#### What the exercise asks:
Everything from the line with "PRETTYGARDEN Women's 2025" down to the line with "To get a jump" below must be printed exactly, those two lines included. Exclude pictures.

#### Recorded information:
┌──

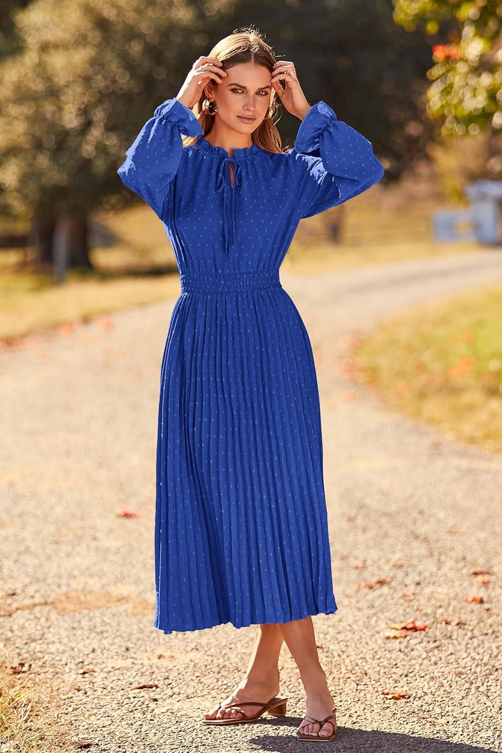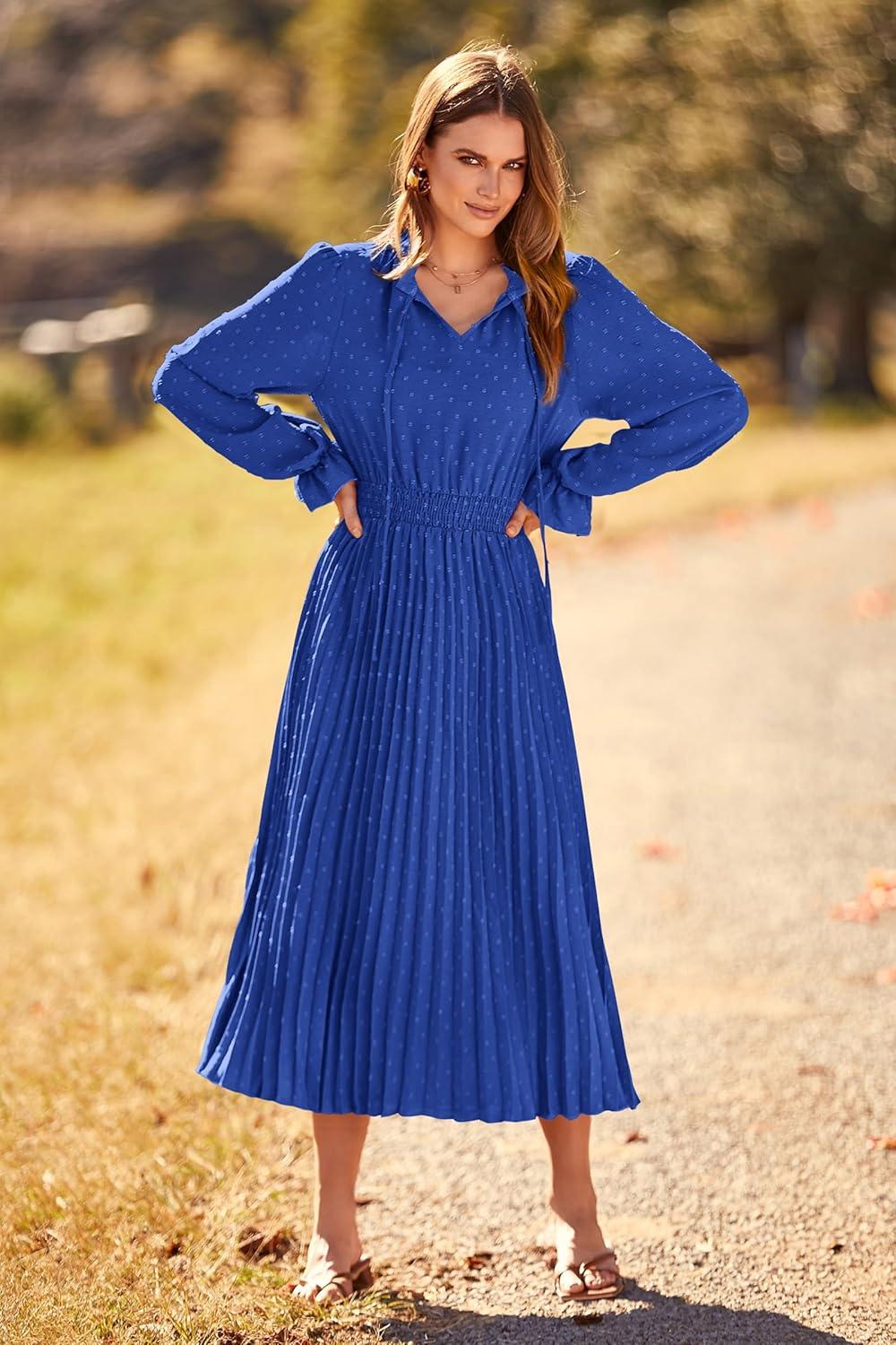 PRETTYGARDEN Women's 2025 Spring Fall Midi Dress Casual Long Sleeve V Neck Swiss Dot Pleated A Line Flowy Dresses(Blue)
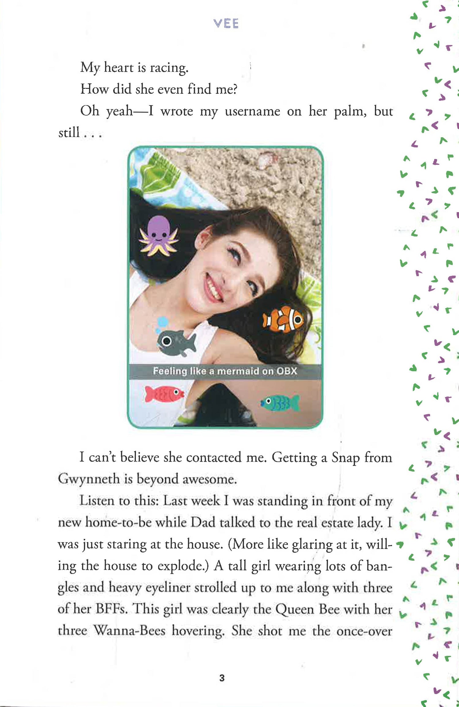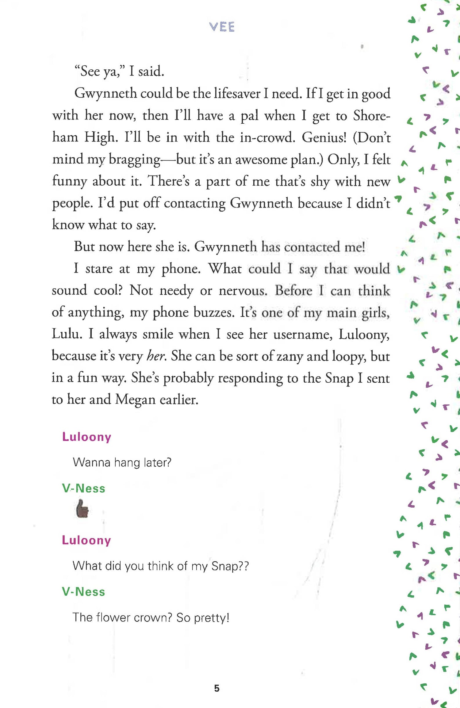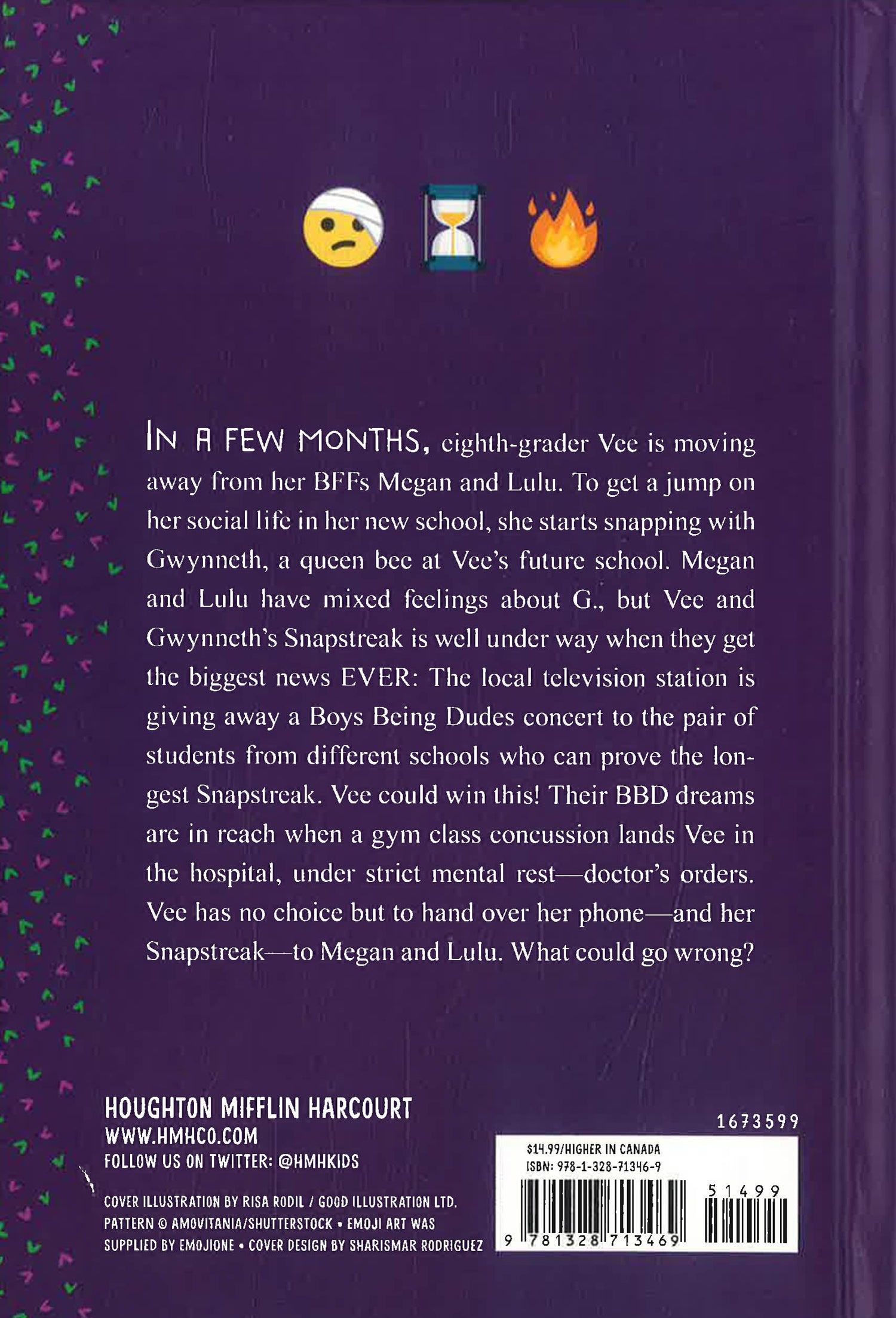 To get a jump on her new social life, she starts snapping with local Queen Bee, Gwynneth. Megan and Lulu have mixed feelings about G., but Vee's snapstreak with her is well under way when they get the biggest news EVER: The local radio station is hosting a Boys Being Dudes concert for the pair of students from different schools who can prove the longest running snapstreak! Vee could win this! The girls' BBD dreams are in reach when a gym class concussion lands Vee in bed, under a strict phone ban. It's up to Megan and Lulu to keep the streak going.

└──
┌──

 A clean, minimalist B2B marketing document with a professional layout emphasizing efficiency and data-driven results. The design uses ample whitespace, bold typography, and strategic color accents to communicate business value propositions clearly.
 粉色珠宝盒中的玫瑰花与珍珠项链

└──

#### Task output:
 PRETTYGARDEN Women's 2025 Spring Fall Midi Dress Casual Long Sleeve V Neck Swiss Dot Pleated A Line Flowy Dresses(Blue)
 To get a jump on her new social life, she starts snapping with local Queen Bee, Gwynneth. Megan and Lulu have mixed feelings about G., but Vee's snapstreak with her is well under way when they get the biggest news EVER: The local radio station is hosting a Boys Being Dudes concert for the pair of students from different schools who can prove the longest running snapstreak! Vee could win this! The girls' BBD dreams are in reach when a gym class concussion lands Vee in bed, under a strict phone ban. It's up to Megan and Lulu to keep the streak going.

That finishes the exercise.